Я рыдаю, не снимая черных очков. Стекла забрызгались изнутри. Ничего не вижу - все размыто. А видеть не очень то и хочется. Картинка и так застыла перед глазами. Она. Вся в черном. Бледна. Руки сложены на животе. Черный лакированный гроб. Друзья, родственники, мусора.
Она уже пятая.
Жорик, Плегавый, Борщ, Андрей Малый - и Катя.
Один за одним. Пять дней.
Каждый день плачем. Каждый день ждем смерти. Кто-то умрет завтра, кто послезавтра.
- Идем ширнемся. - толкает меня в бок локтем Лист. Медленно задвигаемся внутрь толпы. Обдолбаны все вокруг. Все вокруг ждут очереди. Коробка в которой сейчас покоится Катино тело - самое популярное место в нашей среде на этой неделе.
Огибаем сторожку, падаем на корточки. Жгут выше локтя. У каждого свой шприц - такие правила игры на сегодняшний день.
Яд может быть в любом шприце. Теперь никто ни с кем не делится, и никто никого об это не просит.

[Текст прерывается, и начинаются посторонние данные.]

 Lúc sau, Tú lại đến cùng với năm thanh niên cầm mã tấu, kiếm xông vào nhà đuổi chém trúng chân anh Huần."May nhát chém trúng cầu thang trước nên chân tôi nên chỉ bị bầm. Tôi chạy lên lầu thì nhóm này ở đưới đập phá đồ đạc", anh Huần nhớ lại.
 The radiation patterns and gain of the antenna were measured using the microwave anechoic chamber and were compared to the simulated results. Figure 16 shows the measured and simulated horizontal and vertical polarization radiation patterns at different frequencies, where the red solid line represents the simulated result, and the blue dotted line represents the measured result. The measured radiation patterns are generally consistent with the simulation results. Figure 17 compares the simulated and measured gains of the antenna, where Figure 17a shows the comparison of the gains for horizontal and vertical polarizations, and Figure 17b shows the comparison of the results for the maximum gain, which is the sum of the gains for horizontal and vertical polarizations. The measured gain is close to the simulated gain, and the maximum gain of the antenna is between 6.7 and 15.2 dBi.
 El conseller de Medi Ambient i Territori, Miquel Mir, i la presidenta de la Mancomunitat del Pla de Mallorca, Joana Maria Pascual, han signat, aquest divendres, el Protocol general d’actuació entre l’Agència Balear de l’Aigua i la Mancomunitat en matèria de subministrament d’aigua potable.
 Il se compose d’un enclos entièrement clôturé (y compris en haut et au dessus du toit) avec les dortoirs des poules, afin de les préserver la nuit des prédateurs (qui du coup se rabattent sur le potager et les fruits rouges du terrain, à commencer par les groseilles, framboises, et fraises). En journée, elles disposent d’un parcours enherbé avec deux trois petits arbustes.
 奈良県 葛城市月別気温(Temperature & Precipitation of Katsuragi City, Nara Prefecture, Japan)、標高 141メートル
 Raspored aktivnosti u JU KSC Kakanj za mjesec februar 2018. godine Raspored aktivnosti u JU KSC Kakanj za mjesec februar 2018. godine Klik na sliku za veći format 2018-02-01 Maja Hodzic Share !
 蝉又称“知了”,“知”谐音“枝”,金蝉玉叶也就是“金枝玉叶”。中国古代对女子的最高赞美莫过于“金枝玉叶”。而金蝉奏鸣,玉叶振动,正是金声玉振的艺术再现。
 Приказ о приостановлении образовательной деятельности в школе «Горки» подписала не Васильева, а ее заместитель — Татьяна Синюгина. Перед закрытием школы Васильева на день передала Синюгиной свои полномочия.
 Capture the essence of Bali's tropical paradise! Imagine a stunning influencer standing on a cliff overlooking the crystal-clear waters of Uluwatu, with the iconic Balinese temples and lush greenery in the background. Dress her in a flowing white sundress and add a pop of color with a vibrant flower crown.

Выход один - или спрыгни, или умри. Что в принципе означает одно - умри или умри.
Ввожу иглу. Чувствую, как будто маленькие иголочки колют мое тело. Тепло погружает меня. Я таю. Лист отъезжает даже не успев вынуть шприца. Да, что не скажи - варево на этой неделе самое, что ни на есть отличное. Говорят, что его готовят на государственном предприятии, где-то под Тернополем. Убойная вещь.
Перед лицом мелькает Катин образ. Все что с ней случилось, отходит на второй план, а я неожиданно вспоминаю свое детство. И ее тоже. Как мы росли в одном дворе. Ходили в детсад, потом в школу. Как я был влюблен в нее, а она меня ненавидела. Обзывала уродом, насмехалась надо мной. А когда подсела, переспала со мной только из-за того, что я пообещал ей дозу.
И вот ее нет.
Утром позвонила ее тетя и сообщила что "Катя, скончалась".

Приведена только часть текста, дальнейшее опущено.